# Please advise on Large L shaped room, Video editing



## sarel.wagner (Jun 18, 2013)

Hi, got two rooms to treat. One is a large L shaped room, 2.5m high 7,6 x 4.7m longest distances and mainly to be used for Video editing, Sound editing and voice overs.

The second room is the Video recording studio. Pictures to follow soon. The General design and layout has been started. Most gear ordered and some received. This includes studio lights, microphones, backgrounds, USB interface, DAW and preamp. REW installed and the MiniDSP UMIK-1 ordered and on its way. Still to be ordered are the Studio Monitors, Big LCD monitor and a few other things.

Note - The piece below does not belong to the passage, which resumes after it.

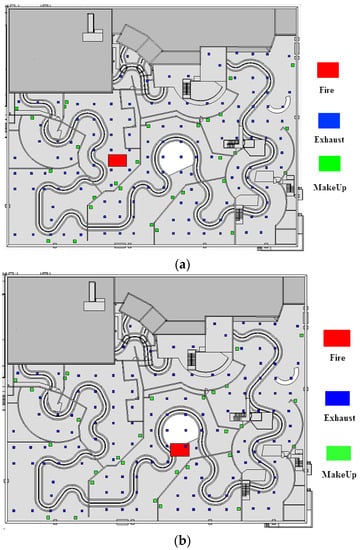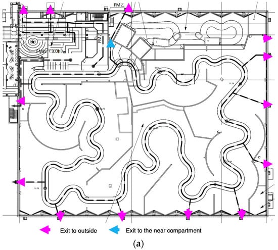 Figure 3. Distribution of emergency exits. (a) First floor, (b) second floor.

I do have a well equipped workshop (and not enough time) so can do all metal and woodwork. Planning on making my own traps and QRD diffuser panels. So any side and quantity is ok for me to make.

I would appreciate any and all insight and advice on placement of especially the Edit room speakers and general layout. As soon as I made up my mind on the Size and type of monitors, I will be able to run some REW tests and post them up.

Thanks for stopping by.
Rgrds


----------



## bpape (Sep 14, 2006)

The L room is going to be a bit of a challenge as it breaks one of the design rules in that 1 dimension is over 2.5x another. In fact, it's over 3x. Can it be broken into multiple spaces?

Bryan


----------



## sarel.wagner (Jun 18, 2013)

Hi Bryan,

A link to the room layout on my Flickr page, that may help somewhat. Hope the linking is ok?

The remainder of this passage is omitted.